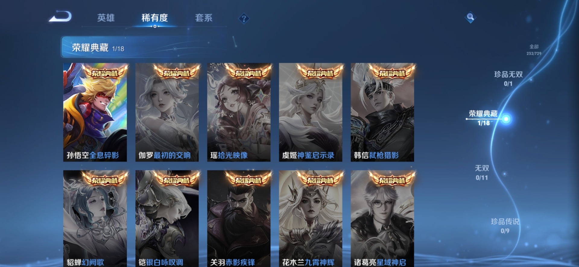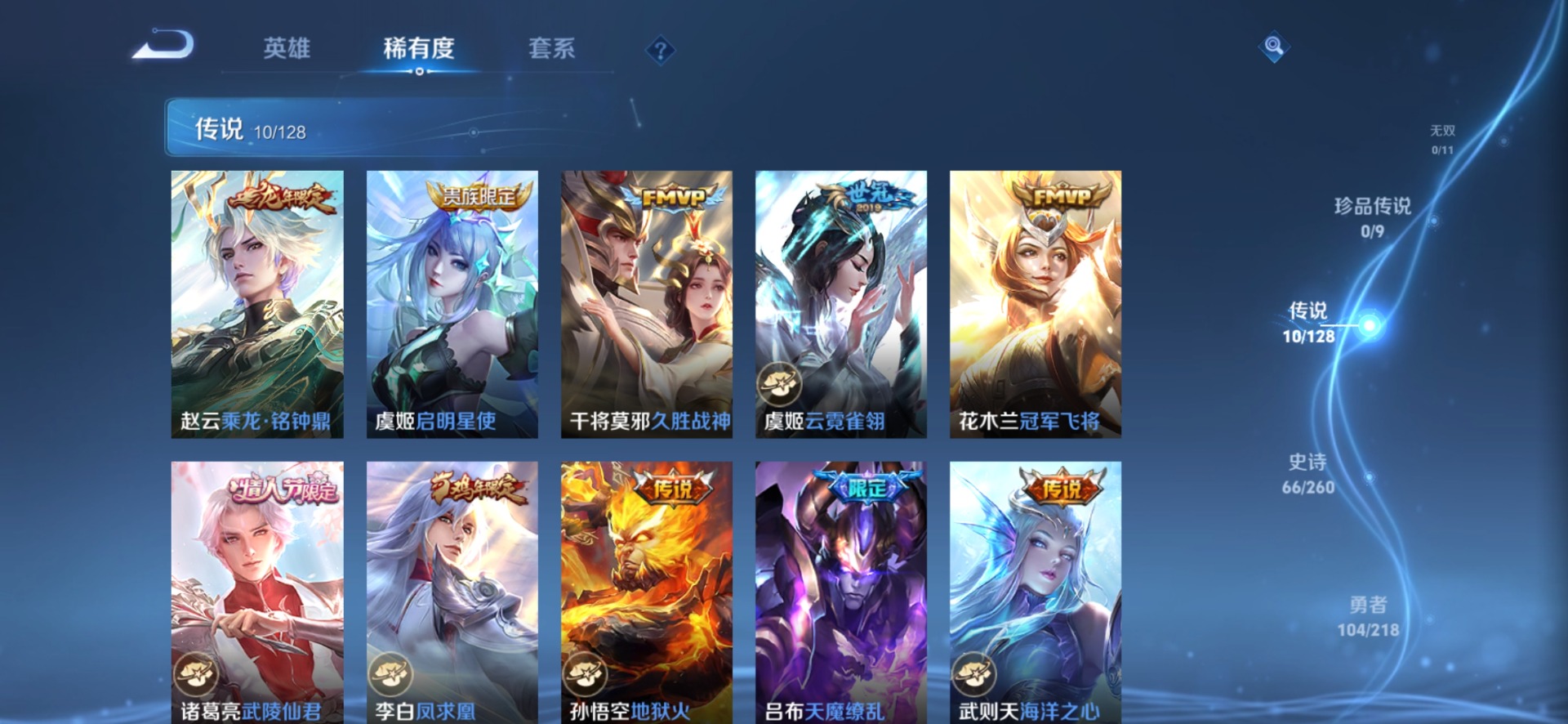 铠青龙志,干将莫邪冰霜恋舞曲,后羿如梦令,露娜一生所爱,公孙离蜜橘之夏,裴擒虎李小龙,裴擒虎天狼狩猎者,东皇太一逐梦之光,花木兰青春决赛季,孙悟空大圣娶亲,孙悟空至尊宝,马超神威,关羽冰锋战神
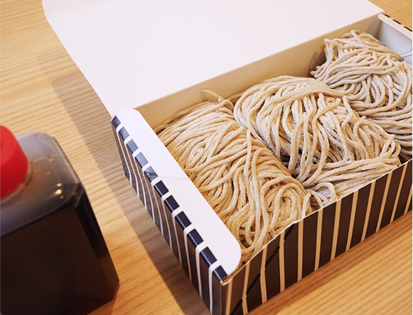 ⽣そばは購⼊の際、茹で時間や氷⽔で締めるなどの家でもお店の味が楽しめるコツも伝授。つゆもついているので茹でたらすぐに⾷べられるのもポイントです。※写真は3⼈前です。
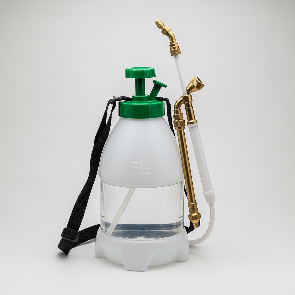 Compact 5-litre manual pressure sprayer for kitchen gardens, terrace gardens, and indoor plants. Adjustable brass nozzle for fine mist to direct jet spray. Lightweight and easy to carry — perfect for small-scale organic pest management.
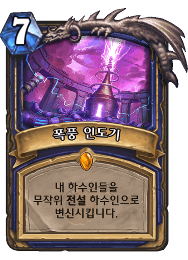 사령술사 스랄이나 야레기통으로 간 진화 비스무리하게 광역으로 변신시키는 주문이 나왔다. 이 카드는 대상 하수인의 코스트 관계 없이 순수 운빨로 변신시키에 값비싼 7코로 나왔다.

REQUIREMENT
Leaving every picture out, write out exactly the lines from the one that holds "Compact 5-litre manual" through the end of the listing, both included.

RESULT
 Compact 5-litre manual pressure sprayer for kitchen gardens, terrace gardens, and indoor plants. Adjustable brass nozzle for fine mist to direct jet spray. Lightweight and easy to carry — perfect for small-scale organic pest management.
 사령술사 스랄이나 야레기통으로 간 진화 비스무리하게 광역으로 변신시키는 주문이 나왔다. 이 카드는 대상 하수인의 코스트 관계 없이 순수 운빨로 변신시키에 값비싼 7코로 나왔다.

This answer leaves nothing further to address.